Una mirada crítica no romantiza la ilegalidad ni reduce el problema a su faz policial. Exige volver a lo esencial: seguridad con justicia social. Esto implica tres principios de actuación. Primero, presencia estatal integral y sostenida: escuela, cuidado, salud, empleo digno e infraestructura barrial que sustituyan la oferta “paraestatal” del crimen. Segundo, justicia que funcione: investigación patrimonial y financiera capaz de quebrar ganancias, debidos procesos que garantice la actuación legal del Estado y política penitenciaria orientada a la reinserción real. Tercero, cooperación regional para cortar flujos de armas y dinero que atraviesan fronteras y neutralizan cualquier respuesta local aislada.

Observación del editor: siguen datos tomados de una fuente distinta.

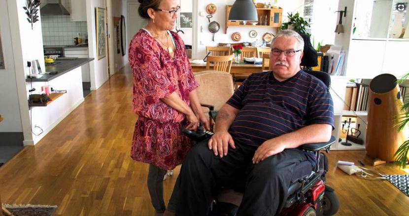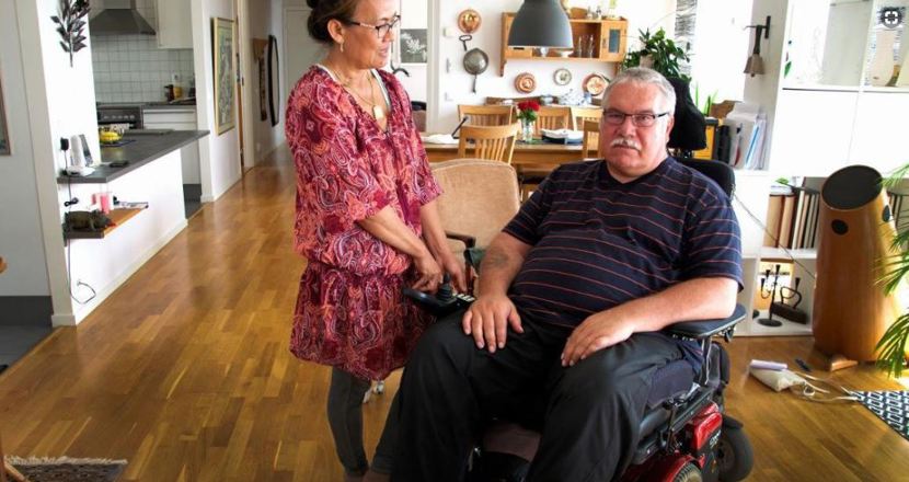 – Jag får gå och lägga mig om inte jag har elrullstolen. Jag kan inte stå på mina ben. Att sitta i en vanlig rullstol blir för jobbigt, där kan jag inte fälla ryggstödet till exempel, den använder jag bara en kort stund till badrummet på morgonen, säger han.

El caso brasileño deja una lección útil para toda América Latina: los éxitos medidos en decomisos, detenciones o incursiones no se sostienen si el terreno social sigue igual. La reducción de la violencia requiere disputar la base material y simbólica del crimen con instituciones íntegras y un Estado social fuerte. La izquierda, cuando es seria, no evade la coerción legítima del Estado, pero la subordina a un proyecto de igualdad que cierra las canteras del reclutamiento. Si el barrio obtiene derechos, el poder criminal pierde sentido; si la cárcel deja de ser escuela del delito, se rompen los ciclos de reemplazo. Por ello, uno de los ejes de la política de la 4T ha sido “Atender las causas”.

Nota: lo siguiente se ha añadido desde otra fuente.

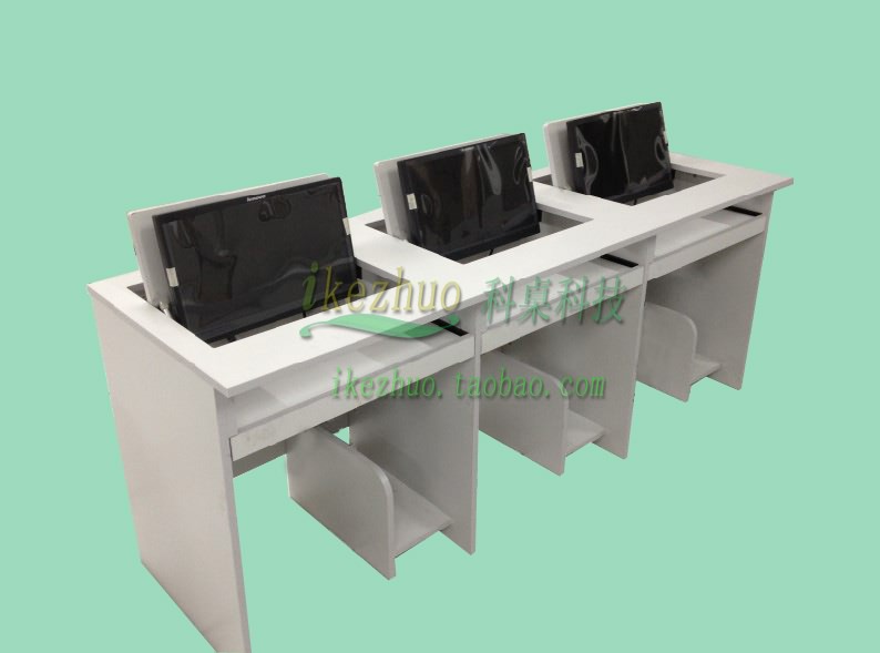 科桌翻轉電腦桌主要應用于各種大型會議室,學術報告廳,計算機教室,多媒體教室、多媒體會議室、多媒體電子教室、多媒體電教室、機房、培訓中心,展廳內及多功能會議廳等。普通教室與計算機教室模式相互切換快速,不阻礙老師與學生之間目光交流

El Comando Vermelho no es la causa primera, sino el espejo de una desigualdad que habilita organizaciones adaptativas. Mientras esa desigualdad permanezca, toda victoria exclusivamente policial será provisional. Recordemos los estragos de la llamada Guerra contra el Narco. La paz, cuando llega, no lo hace por acumulación de operativos, sino por acumulación de derechos. Esa es la diferencia entre administrar el conflicto y transformar la realidad.